STORY 10 LCフィルム 開発STORY 「市場のニーズから新アイディア」が、この仕事の面白み
中央技術研究所 池田哲

JXTGエネルギーへ入社して3年目となる池田さん。研究者としてのこれからに、様々な夢を持っていることから、「期待、あこがれ」が花言葉のフリージアを選んでもらいました。

Introduction

当社では石油化学の技術を応用してさまざまな高付加価値商品の開発を行っています。その中のひとつが携帯電話の液晶画面に使われているLCフィルムです。携帯電話の他、携帯音楽プレイヤーやデジタルカメラなどの高機能携帯機器のモニタ画面にも用いられ、私たちの生活に不可欠な存在となったLCフィルム。ここでは、入社時からこの製品の開発に携わった池田さんから、研究開発の面白みや新人研究者ならではの思いを語ってもらいました。

携帯電話ならではの、激しい開発競争

どんな分野の研究を行っているのですか?

今の時代、殆どの人が携帯電話を持っていますよね。携帯電話にはいろいろな部材が使われていますが、その中の一つに液晶画面があります。ここで使用されているのが、私が入社以来関わってきたLCフィルムと呼ばれる先端材料です。LCフィルムは独自に開発した液晶性ポリマー※1材料と液晶配向技術により開発された商品で、携帯電話の他、デジタルカメラなどの液晶画面の画質を向上させる効果があります。私は主に、このLCフィルムの光学設計を行ってきました。液晶画面の見栄えを最高にするには、個々のデバイスに合わせて最適なLCフィルム構造を選択する必要があるのです。当社は石油メーカーから総合エネルギー企業へと変革を続けていますが、同時に石油を使った様々な先端材料の研究開発も行っており、LCフィルムもそのひとつなのです。

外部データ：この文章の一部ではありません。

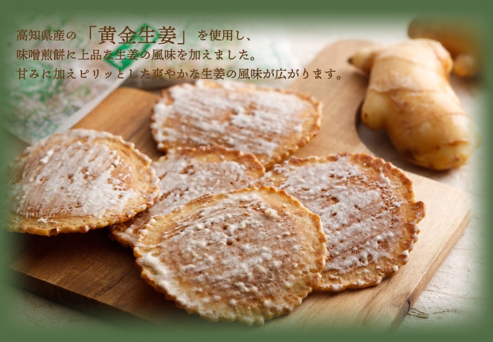 土蔵熟成自家製味噌を使用し、国産原材料にこだわった手作り味噌煎餅に生の生姜を使用しピリッとさわやかな味わいです。

  1. ※1液晶性ポリマー・・・高性能プラスチックのこと。溶融状態で液体と結晶の中間に当たる特性を示すものである。

私たちにも非常に身近な製品ですね。

扱っている製品が、自分の生活に近いものというのは、実際に担当してみると非常に面白いですね。当社のLCフィルムは多くの携帯電話に使用されていますが、売り場で見ているとどのモデルに採用されているか、自分でもわかりますよ。また携帯電話業界は、現在の日本でもっとも活況を呈している分野の一つ。例えば2年前の携帯電話を目にすると、かなり古いモデルだと感じませんか?
新製品発表までのタームが短く、あの小さなボディの中に様々な分野の最先端技術が詰め込まれているのです。液晶画面もその一つであり、画質ひとつを取り上げても現在の液晶画面を1年前と比べてみても、非常に綺麗ですよね。最近は携帯電話でテレビも観られるようになってきました。今後も、より綺麗にという要求は高まっていくでしょうね。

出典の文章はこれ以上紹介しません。